I have met Emacs somewhere around 1985 and I couldn't truly do any programming without it.
I have used vi, which was at the lowest stage in the … of the text editors species. Vim has become a contender in the arena of programmable text editors only recently. There are others that are certainly very valuable too like Sublime Text(TM). But once you look at something like Org mode for Emacs, either you get convinced … or disgusted for the eternity (but in this case, Emacs is really not for you!)
Other programmable development environments like the MS Visual Studio editor are targeted at … programming (not really strange !) I think is more efficient than Emacs if you do C++/C#, especially in the Windows environment. Don't talk Eclipse to me … I never adopted its ways of running things even if I acknowledge that it helps a lot when doing Java (but anyway who wants to program in Java?).
Moreover none of those programming environments take Lisp development in charge, and certainly not at the level the Slime mode does.
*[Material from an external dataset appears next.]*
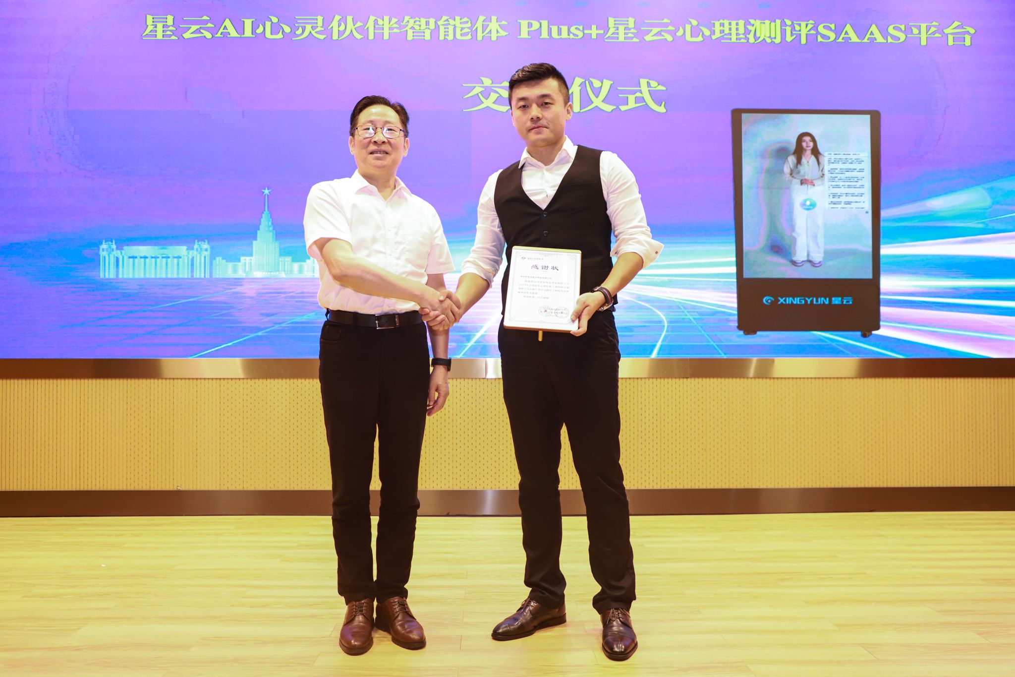 抢答活动结束后,深圳市健成星云科技有限公司向ac米兰官网中文网站心力成长中心刘铁榜工作室捐赠星云AI心灵伙伴智能体 Plus+星云心理测评SAAS平台,公司CEO王喆莅临交付仪式并做产品介绍,刘铁榜向捐赠企业颁发感谢状。

So given that I'm still a Common Lisp addict, I'm very happy with Emacs.
Plus, Org mode and AUC-TEX are unavoidable for anybody fed up with braindead GUI apps that allways do half of the job. Typesetting and programming is always a matter of handling text input (not mouse input !) so a (programmable) text editor is the universal tool for my job.
I have followed Emacs development for a long time mainly because I used it for myself, so I wanted to submit any fixes or enhancements into the main trunk.
I remember a good time with the development of Gnus, the Gnu Emacs newsreader. Lars Magne Ingebregtsen started an amazing piece of code, merging your mailboxes with newsgroups and other sources of information. At this time, newsgroups where the de facto standard to exchange information. There was no Google+ or other fancy news sites, blogs or whatever. It predates even the Web (am I that old? :-))
I found XEmacs to be much more appealing than Gnu Emacs and at some point, there has been a huge investment around a true multi-platform XEmacs, thanks to a couple (well probably a dozen actually) of guys which did an amazing job, Ben Wing being probably the most prolific one. So at that time I was using XEmacs under Windows, because it provided features Gnu Emacs couldn't, like the ability to display any kind of glyph in the buffer, and even controls like checkboxes.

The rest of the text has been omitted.